The proposed ban on Muslim Immigration to the United States by Republican front-runner Donald Trump is endorsed by a large number of GOP voters and the establishment.
The consideration of such policy is a betrayal of American values and has far reaching consequences besides being racist and Islamophobic, according to Murtaza Hussain from The Intercept.
The Intercept reports:
Exit polls conducted by ABC News on “Super Tuesday” show that more than 60 percent of GOP voters in five states favor Trump’s proposed ban. In Alabama and Arkansas, that figure rises to nearly 80 percent. Trump won seven of the day’s 11 state primaries.
That kind of support is generating alarm.

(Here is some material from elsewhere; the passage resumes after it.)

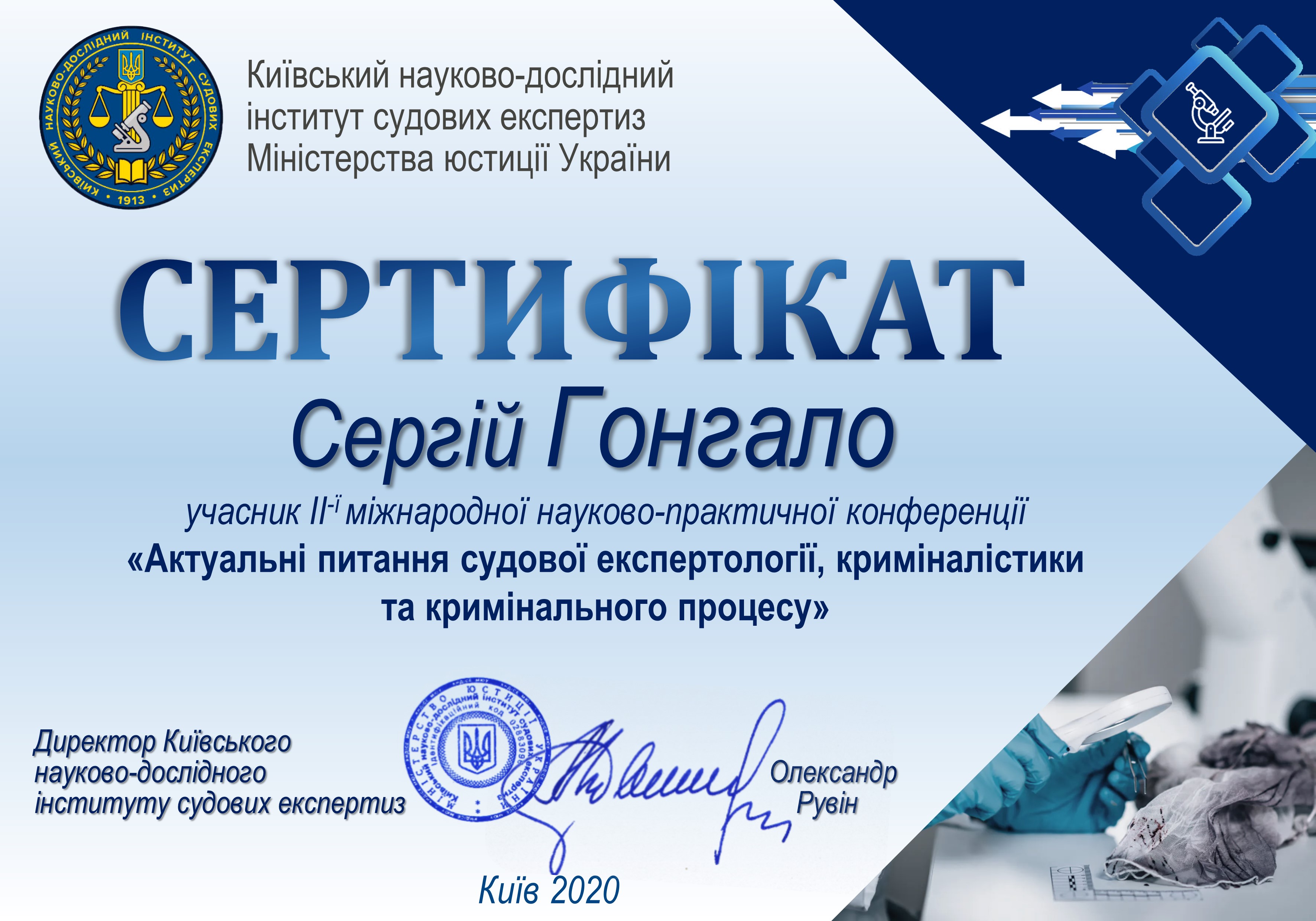 Сертифікат учасника II-ї міжнародної науково-практичної конференції «Актуальні питання судової експертології, криміналістики та кримінального процесу». - 19.11.2020 (0,88 Мб).

“When you open the door to defining what religion isn’t sufficiently American, does anyone think it’ll stop with Muslims?” says Haroon Moghul, a fellow at the Institute for Social Policy and Understanding. “Trump himself is dangerous as a candidate, but his proposals now open the door to people who are even more dangerous.”
Trump first announced his proposal to temporarily ban Muslims from entering the United States last December. In a statement issued at the time by his campaign, Trump promised a “total and complete shutdown of Muslims entering the United States,” until the government “can figure out what is going on.” He later reiterated this proposal in the face of public outcry, emphasizing in a speech that his policy of banning Muslims would continue, “until we find out what the hell is going on.”
And his position now enjoys widespread support, even among Republican who voted for other candidates. Many of those who supported Trump’s proposal actually voted for his main rival, Ted Cruz.
Even “establishment” candidates like Marco Rubio have gone on record describing discrimination against Muslim-Americans as a “fiction.”
And its not confined to the Republicans. A Fox News poll this December showed that even among Democrats there was broad support for the measure — as long as it was not identified with Trump himself. Some 45 percent of those polled favored banning Muslims when the plan was not identified as a originating with Trump. When Trump’s name was mentioned however, support dropped to 25 percent.
“When people in positions of power articulate extreme opinions, they make it even easier for ideas on the margins to become respectable,” says Moghul. “In the eyes of some, policies like these could even start to look desirable.”